What do Russian oil and gas measures mean for UK consumers? | household bills

The UK’s announcement that it will phase out Russian oil imports by the end of the year is likely to have an impact on consumers who are already feeling the pain of rising inflation and high energy and fuel bills.
The government also said it was reviewing options to end Russian natural gas supplies to the UK, which account for less than 4% of the country’s total supplies.
Here’s what the UK’s move to replace Russia’s 8% oil could mean for the bills:
energy prices
Household energy bills are set to rise as early as April, and the new move could lead to bigger increases later in the year as oil and gas prices come under more pressure. Brent crude jumped to $133 a barrel on Tuesday, close to a 14-year high set on Monday.
The good news for households with standard gas and electricity supplies is that the Ofgem billable energy price cap will prevent providers from introducing variable tariffs for the foreseeable future. The higher price cap valid on April 1st is valid until the end of September.
The cap will be updated in August, with the new cap taking effect from early October – so a lot will depend on how the energy market is doing at that point. Some experts had already suggested that average annual bills could reach £3,000 and this latest announcement increases the likelihood of that happening.
Even if wholesale gas costs fell by the summer, rising prices will put suppliers under pressure in the short term. If more go to the wall, there could be higher costs in the pipeline for customers.
Electricity base rates will rise by around 80% in some cases in April to cover the costs of last year’s collapse of the energy company, and as more go bust, the cost of serving their customers will eventually feed through to bills.
For those not connected to the gas grid, the pain will be at home much faster. Heating oil prices have soared in recent days – the average price for a liter of heating oil had risen from 66.77p on February 23 to 117.83p on Monday, according to website BoilerJuice. Pressure on global supply will push this higher.
cost of groceries
Gas and oil prices are a major factor in how much we pay for groceries, and if they continue to rise, the cost of groceries will rise as well. Fertilizer prices have skyrocketed due to soaring gas prices and will result in farmers having to charge more for everything they produce.

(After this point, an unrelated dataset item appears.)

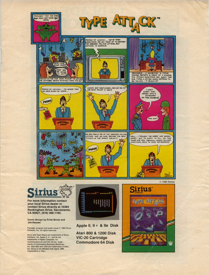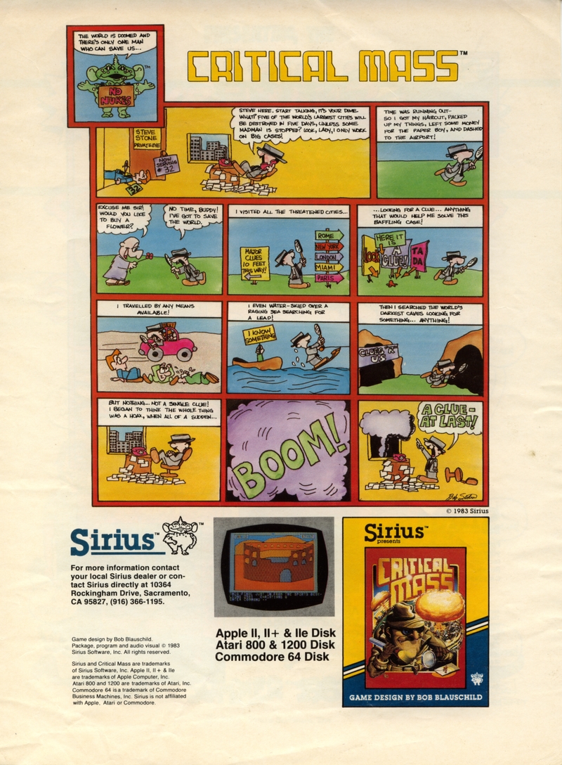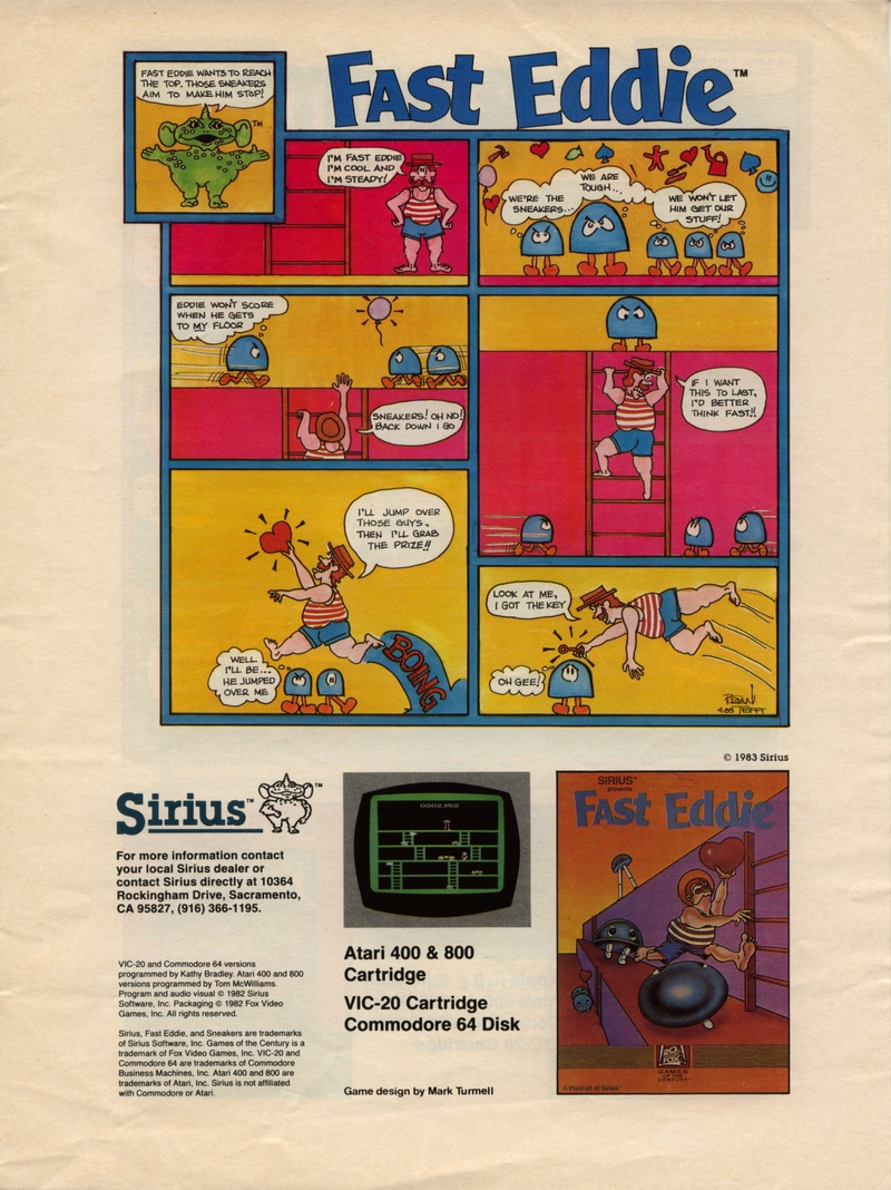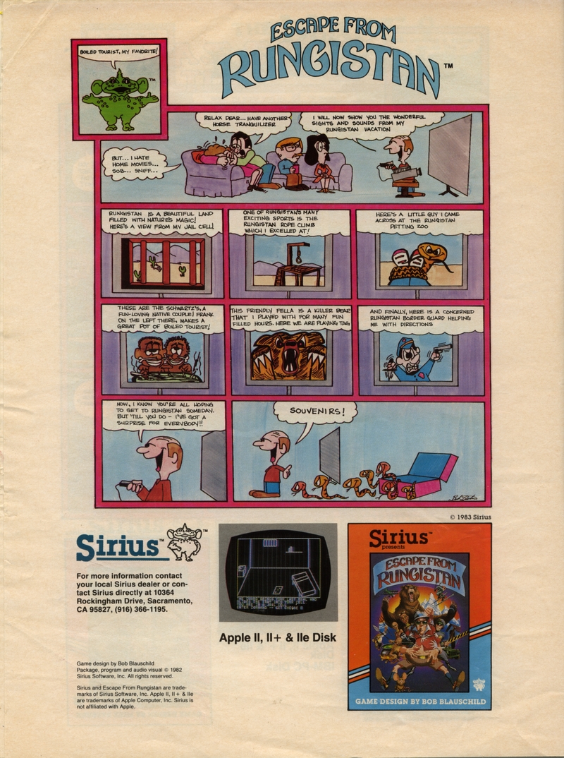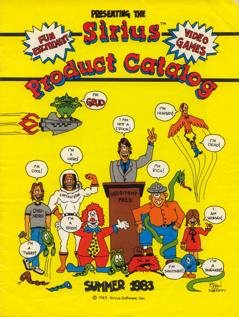 | DESCRIPTION | The Sirius Software Summer 1983 Game Catalog, listing the full collection of Sirius software games, all accompanied by poorly-drawn comics portraying each game's premise as a story involving cartoon characters (1983) |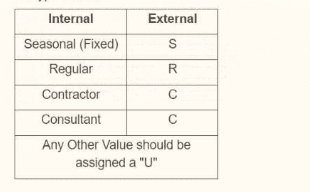 Map worker subtype values according to the provided table (e.g., Seasonal (Fixed) = 'S', Regular = 'R', Contractor = 'C', Consultant = 'C', and any other value = 'U').

Cooking oil prices have already risen, with one of the drivers being demand for biodiesel crops. Rising oil prices will add to this pressure. Rising cooking oil prices will affect all types of food — margarine, peanut butter, and long-life cream are just a few of the products that contain it.
gas prices
The move will put even more upward pressure on prices at the pump, which — it was revealed Tuesday — just rose by the largest weekly amount in years. The cost of filling up a 55-litre family car has risen by more than £2 in a week, according to government data released on Monday March 7.
“Russia is our largest source of diesel outside the UK, supplying 18% in 2020 but hovering around 15-20% annually,” says a report by Autocar.
But the Department for Business, Energy & Industrial Strategy (BEIS) said that “more than two-thirds of our road fuel is domestically produced.”
The new move will be phased in over several months, giving markets some time to adjust and allowing alternative suppliers to be found, but whether this will be enough to deter motorists from panic buying remains to be seen.
The average price of a liter of petrol at UK petrol stations rose from 149.2p on February 28 to 153p on Monday (March 7), according to BEIS, while average diesel prices rose from 153.4p to 158.6p over the same period .
Higher interest rates
Rising inflation would normally mean higher interest rates. The Bank of England is tasked with keeping inflation at 2% – but the annual rate of price growth had already reached 5.5% before the Russian invasion of Ukraine, and rising petrol and food prices will continue to push it higher, with some Economists predict inflation of just under 9% by the end of the year.
But the bank will be aware that households are facing higher costs and may decide not to apply further pressure by rapidly raising borrowing costs, as some have predicted. When it meets next week, it could opt to hike rates from 0.5% to 0.75%, rather than 1% as some commentators have predicted.
If the bank raises interest rates, it increases mortgage costs for those who receive adjustable-rate home loans and could push up the price of new personal loans.
Fixed-rate mortgages have historically been cheap enough that most homeowners and landlords have them, protecting them from rising costs, at least in the short term.